Data items:
════════════════════

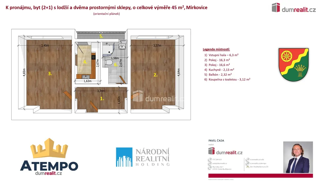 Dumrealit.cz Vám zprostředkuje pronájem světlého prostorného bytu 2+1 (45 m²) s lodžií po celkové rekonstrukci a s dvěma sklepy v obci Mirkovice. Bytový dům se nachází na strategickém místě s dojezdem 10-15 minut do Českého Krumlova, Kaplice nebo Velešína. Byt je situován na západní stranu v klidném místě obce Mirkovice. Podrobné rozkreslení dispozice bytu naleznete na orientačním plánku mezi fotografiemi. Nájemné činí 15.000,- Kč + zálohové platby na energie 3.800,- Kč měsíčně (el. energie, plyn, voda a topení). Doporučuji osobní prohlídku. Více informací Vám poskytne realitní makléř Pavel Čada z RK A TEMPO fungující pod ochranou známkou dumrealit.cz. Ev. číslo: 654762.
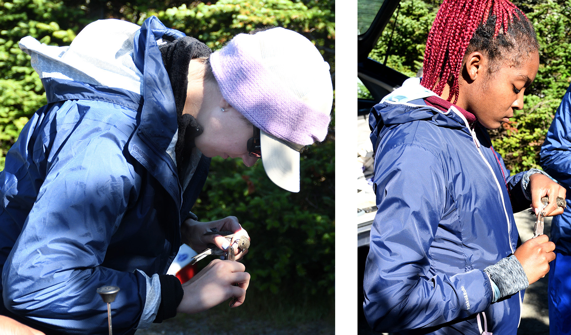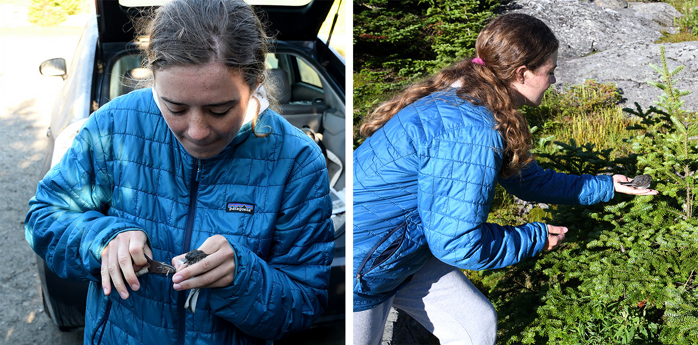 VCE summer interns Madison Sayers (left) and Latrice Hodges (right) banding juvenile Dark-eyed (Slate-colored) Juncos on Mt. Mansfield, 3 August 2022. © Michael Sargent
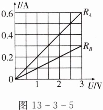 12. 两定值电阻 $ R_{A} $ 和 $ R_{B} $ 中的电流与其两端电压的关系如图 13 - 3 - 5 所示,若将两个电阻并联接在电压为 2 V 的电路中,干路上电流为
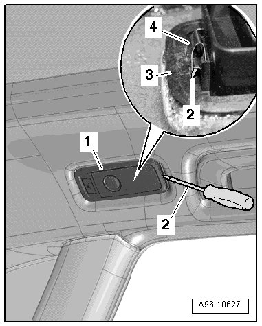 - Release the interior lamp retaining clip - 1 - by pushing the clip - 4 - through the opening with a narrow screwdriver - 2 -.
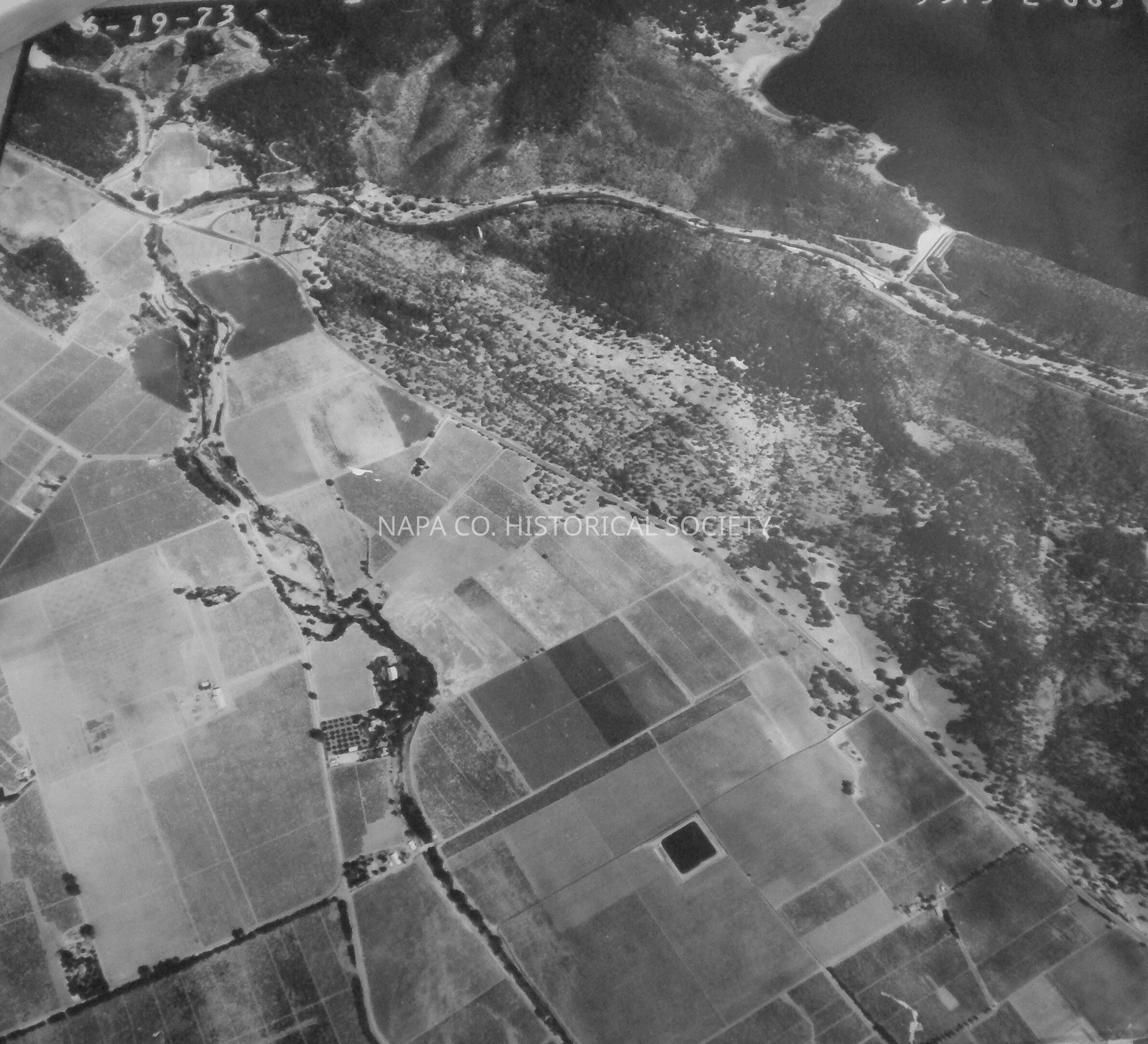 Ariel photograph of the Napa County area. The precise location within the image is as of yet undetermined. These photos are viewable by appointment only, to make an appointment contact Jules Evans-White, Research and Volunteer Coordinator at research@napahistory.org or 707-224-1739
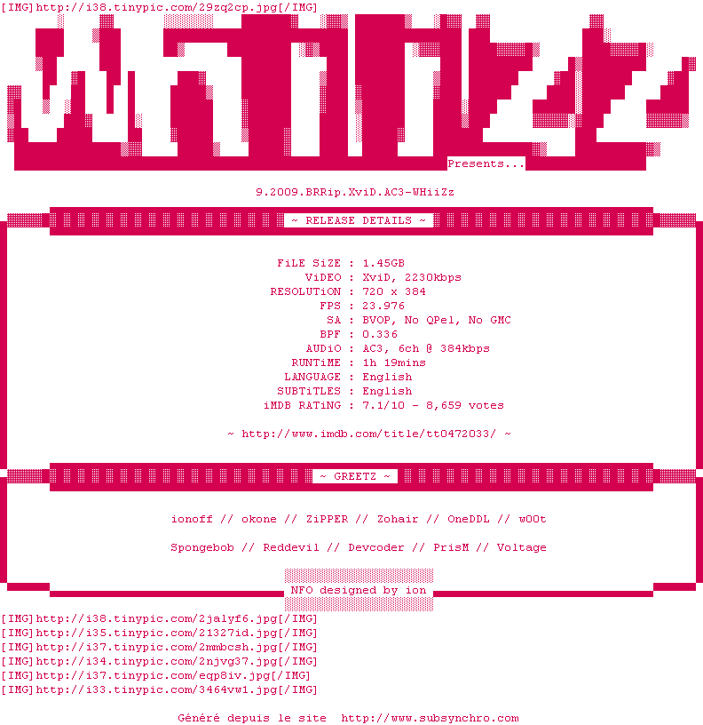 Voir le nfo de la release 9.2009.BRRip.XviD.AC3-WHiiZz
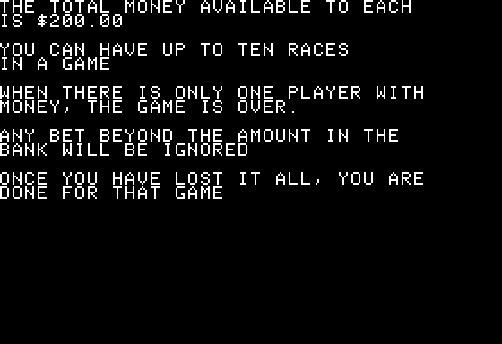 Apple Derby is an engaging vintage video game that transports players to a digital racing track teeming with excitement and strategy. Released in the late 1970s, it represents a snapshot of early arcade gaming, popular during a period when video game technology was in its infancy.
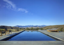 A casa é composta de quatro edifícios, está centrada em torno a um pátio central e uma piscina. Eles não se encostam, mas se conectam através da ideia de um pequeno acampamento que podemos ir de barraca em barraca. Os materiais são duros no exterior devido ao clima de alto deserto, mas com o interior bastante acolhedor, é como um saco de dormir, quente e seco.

════════════════════

### [Work instruction]
Exactly reproduce the lines above, starting at the one that contains "12. 两定值电阻 $" and ending at the one that contains "Ariel photograph of", both inclusive; leave the pictures out and add no other lines.

### [Reply to the exercise]
 12. 两定值电阻 $ R_{A} $ 和 $ R_{B} $ 中的电流与其两端电压的关系如图 13 - 3 - 5 所示,若将两个电阻并联接在电压为 2 V 的电路中,干路上电流为
 - Release the interior lamp retaining clip - 1 - by pushing the clip - 4 - through the opening with a narrow screwdriver - 2 -.
 Ariel photograph of the Napa County area. The precise location within the image is as of yet undetermined. These photos are viewable by appointment only, to make an appointment contact Jules Evans-White, Research and Volunteer Coordinator at research@napahistory.org or 707-224-1739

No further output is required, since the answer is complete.